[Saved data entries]
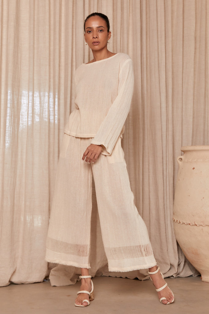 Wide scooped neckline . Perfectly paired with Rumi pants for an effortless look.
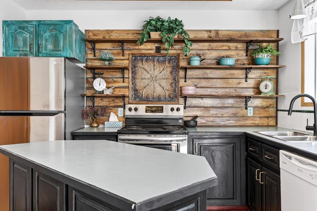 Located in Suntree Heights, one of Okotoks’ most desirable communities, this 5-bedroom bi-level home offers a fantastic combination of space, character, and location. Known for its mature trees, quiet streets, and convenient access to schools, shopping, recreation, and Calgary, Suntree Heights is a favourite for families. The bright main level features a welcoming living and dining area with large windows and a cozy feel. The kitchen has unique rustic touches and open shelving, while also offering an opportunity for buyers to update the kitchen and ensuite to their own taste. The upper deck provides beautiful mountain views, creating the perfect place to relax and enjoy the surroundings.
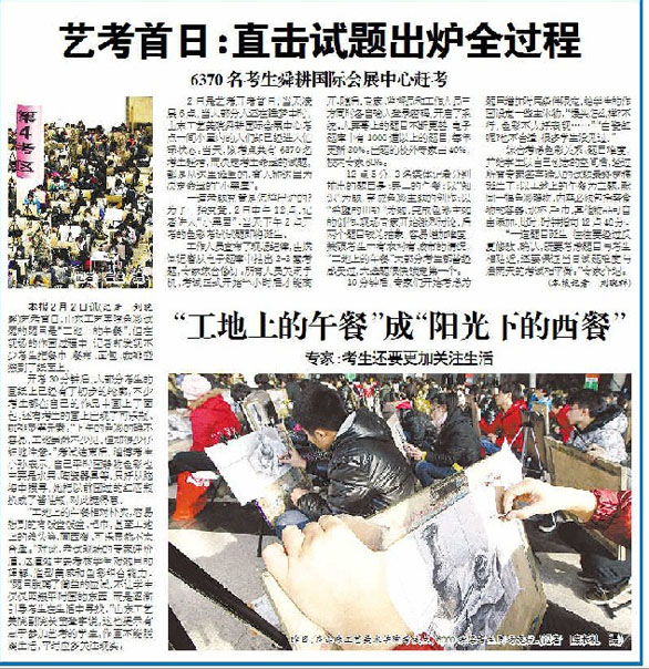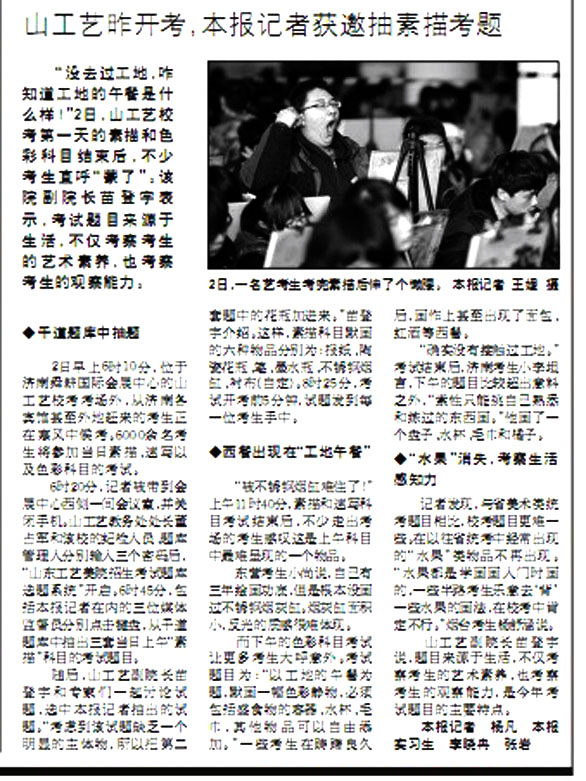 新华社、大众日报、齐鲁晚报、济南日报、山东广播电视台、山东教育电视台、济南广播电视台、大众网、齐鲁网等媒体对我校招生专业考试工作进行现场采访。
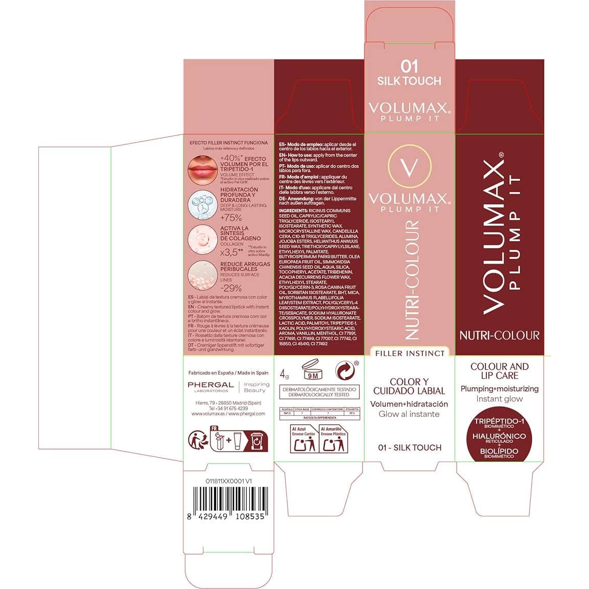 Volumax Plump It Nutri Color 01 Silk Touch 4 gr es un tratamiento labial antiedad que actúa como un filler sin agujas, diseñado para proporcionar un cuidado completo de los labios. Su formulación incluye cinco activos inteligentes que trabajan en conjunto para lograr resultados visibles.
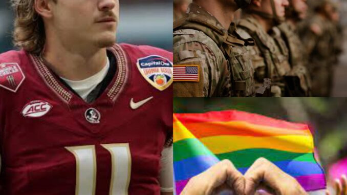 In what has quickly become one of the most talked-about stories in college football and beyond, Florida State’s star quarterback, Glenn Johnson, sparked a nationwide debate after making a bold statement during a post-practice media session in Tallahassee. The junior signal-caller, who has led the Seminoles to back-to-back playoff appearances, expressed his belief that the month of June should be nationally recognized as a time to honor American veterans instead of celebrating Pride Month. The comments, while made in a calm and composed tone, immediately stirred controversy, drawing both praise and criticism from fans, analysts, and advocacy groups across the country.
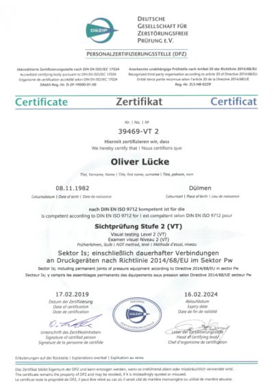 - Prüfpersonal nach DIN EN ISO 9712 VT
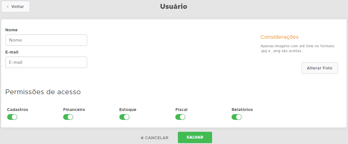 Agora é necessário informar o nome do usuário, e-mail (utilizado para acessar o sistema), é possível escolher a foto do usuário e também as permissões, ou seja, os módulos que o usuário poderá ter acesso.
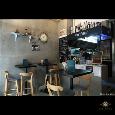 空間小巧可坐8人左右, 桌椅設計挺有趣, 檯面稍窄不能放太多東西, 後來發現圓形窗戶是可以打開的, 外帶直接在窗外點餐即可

:: Task description ::
Among the entries above, copy exactly the stretch from the line holding "Located in Suntree" through the line holding "Volumax Plump It", leaving out any pictures.

:: Exercise result ::
 Located in Suntree Heights, one of Okotoks’ most desirable communities, this 5-bedroom bi-level home offers a fantastic combination of space, character, and location. Known for its mature trees, quiet streets, and convenient access to schools, shopping, recreation, and Calgary, Suntree Heights is a favourite for families. The bright main level features a welcoming living and dining area with large windows and a cozy feel. The kitchen has unique rustic touches and open shelving, while also offering an opportunity for buyers to update the kitchen and ensuite to their own taste. The upper deck provides beautiful mountain views, creating the perfect place to relax and enjoy the surroundings.
 新华社、大众日报、齐鲁晚报、济南日报、山东广播电视台、山东教育电视台、济南广播电视台、大众网、齐鲁网等媒体对我校招生专业考试工作进行现场采访。
 Volumax Plump It Nutri Color 01 Silk Touch 4 gr es un tratamiento labial antiedad que actúa como un filler sin agujas, diseñado para proporcionar un cuidado completo de los labios. Su formulación incluye cinco activos inteligentes que trabajan en conjunto para lograr resultados visibles.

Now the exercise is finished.